川田薫(かわだ かおる)
川田研究所・代表取締役
昭和9年生まれ。理学博士。東京理科大学物理学科卒。東京大学地震研究所、東京大学物性研究所を経て、三菱金属中央研究所に入社。平行して科学技術庁、通産省などの評価委員、研究員を歴任後、昭和63年に独立、川田研究所を設立。科学技術庁の外郭団体「科学技術振興事業団」の「さきがけ研究21」でミネラルの研究を行う、さまざまなミネラルの作用を発見し、その成果を応用した生命の起源探求を行う。高野山大学密教文化研究所委託研究員として、空海研究家でもある。
超微量の世界―ミネラルと水を中心に―
現代農法の最大の課題は「連作障害の克服と病害虫対策」です。まず、連作障害は同じ畑に同じ作物を繰り返し栽培するために起こるもので、作物が養分を選択吸収したくても養分が欠落しているために吸収できないために起こることが第一の理由です。もう一つの理由は養分が欠落した土壌環境に合った微生物が増え、作物に悪影響を及ぼす、これが第二の理由です。

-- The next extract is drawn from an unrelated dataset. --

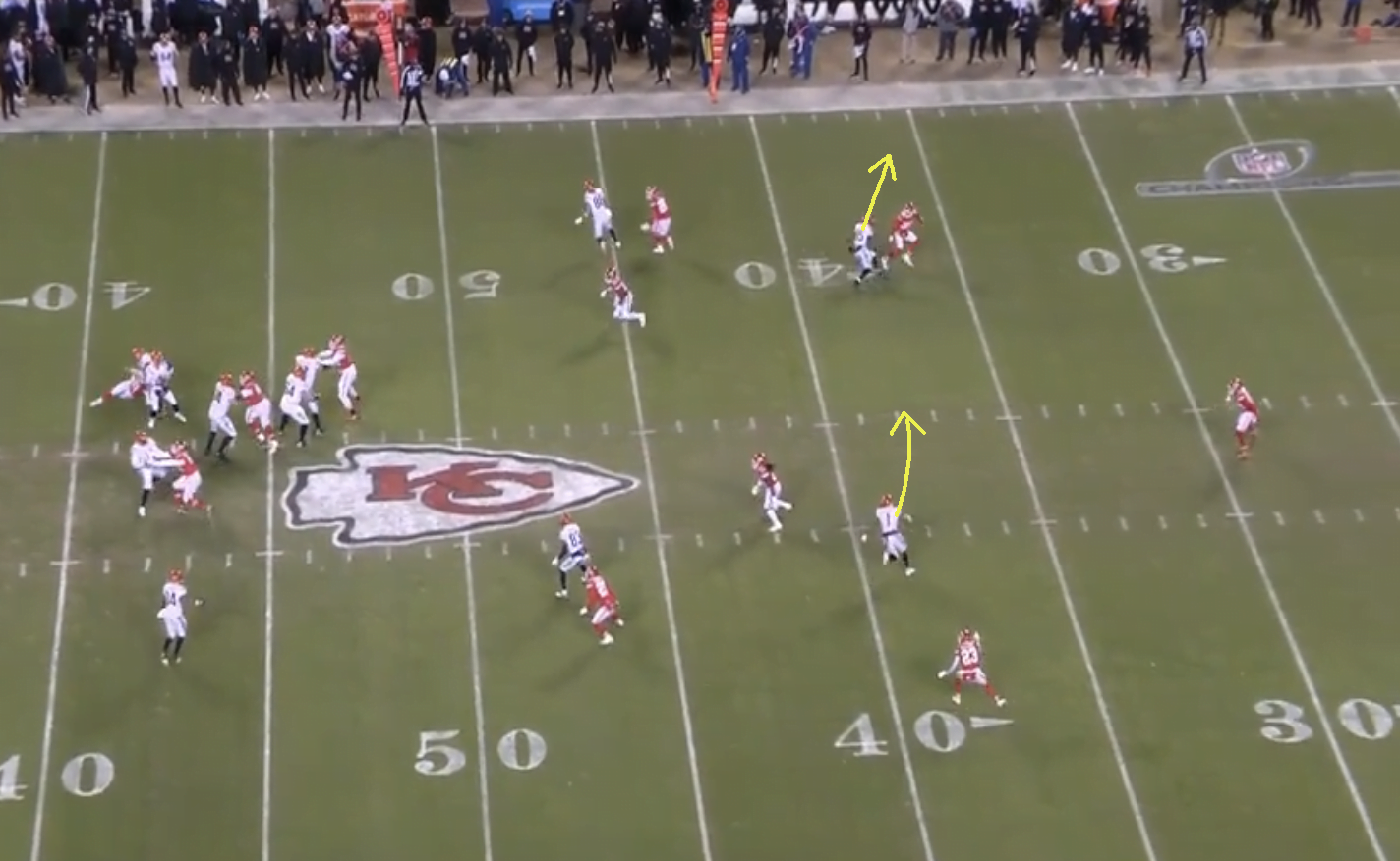 Chase jobb oldalon izolálva van a CB-vel, de a két mély safety miatt valójában ketten figyelnek rá. Így a túloldalra kell játszani, ahol két elkapó van három védőre, tehát a safety nem tud az egyikükre koncentrálni. Itt Tee Higgins fut egyenesen az oldalvonal mellett. Az alábbi képen látható, hogy gyakorlatilag senki sincs szabadon, kiválóan védekezik a Chiefs.

このように連作障害の原因は非常に単純です。この解決策は欠落した養分を補えばいいのです。これによって土壌環境が改善され、その環境に合った微生物が増えることによって微生物からの害を防ぐことができるのです。この際の養分がミネラルです。
一方病害虫の問題は、化学肥料や農薬に依存しすぎたために、軟弱の作物が育ち病害虫に侵されやすくなったことと、農薬の使用によって病害虫が強靭になったために作物が簡単に侵されるようになったのです。つまり、病害虫の問題は化学肥料や農薬から脱却して強靭な作物を作るしか方法はないのです。もう一つは、病害虫が近づけないような環境にすることですが、この作法は始まったばかりで、今後の大きな課題の一つです。

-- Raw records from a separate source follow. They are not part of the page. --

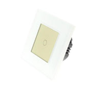 I LumoS PRO White Glass Frame & Gold Insert LED Smart Wi-Fi + RF Dimmer Touch Light Switches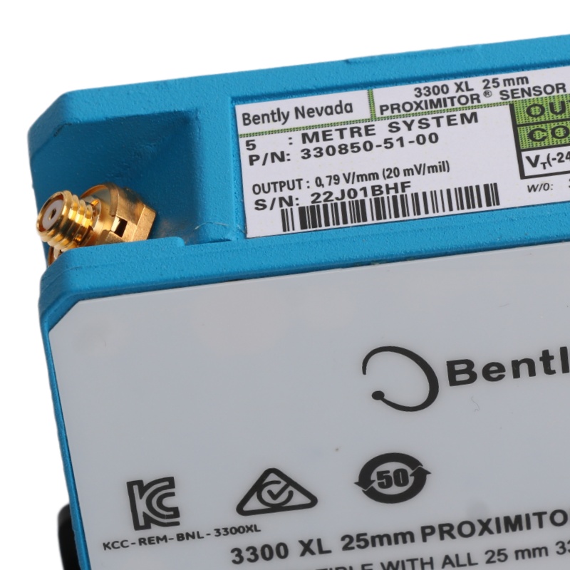 The 330850-51-00 3300 XL 25 mm Proximitor Sensor has the same advanced features as our previous 3300XL Proximitor Sensors.Improved RFI/EMI immunity allows the 3300 XL Proximitor Sensor to achieve European CE mark approvals without any special mounting considerations. This RFI immunity also prevents the transducer system from being adversely affected by nearby high frequency radio signals.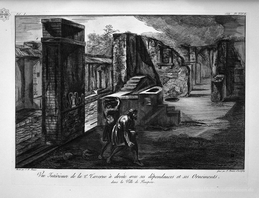 Wir bieten Ihnen eine handgefertigte Reproduktion auf Leinwand des berühmten Kunstwerks 'Split und Erhebungen der Taverne des Priapus' von Giovanni Battista Piranesi, aus dem Reproduktionsmuseum.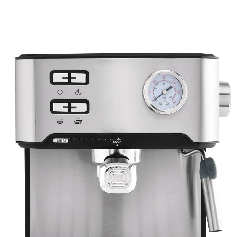 - Elevate your coffee experience with our sleek, stainless steel espresso machine. Brew your favorite drinks like espresso, cappuccino, or latte with ease using its impressive 20-bar pressure system. The visual pressure display keeps you informed while you switch between single and double shots for that perfect brew.

以上の連作障害と病害虫対策の基本はミネラルによって克服できることを次のように具体的に述べてまいります。
① ミネラルとは何か
② ミネラルの働き
③ 水とミネラルの相互作用
④ ミネラルバランス
⑤ 微生物叢の変化
⑥ 酵素活性
⑦ 土壌消毒による微生物の問題
⑧ 土壌微生物に対するミネラルの影響
⑨ 土壌のソフト化
⑩ 植物の根の状態
⑪ 各種ミネラル液について
ここで使用するミネラルは超微量である、という点が重要です。
最後に、エネルギーに満ちた水とミネラルの作用によって農業がどのように変わっていくのか、今年の諸課題について具体的にご報告いたします。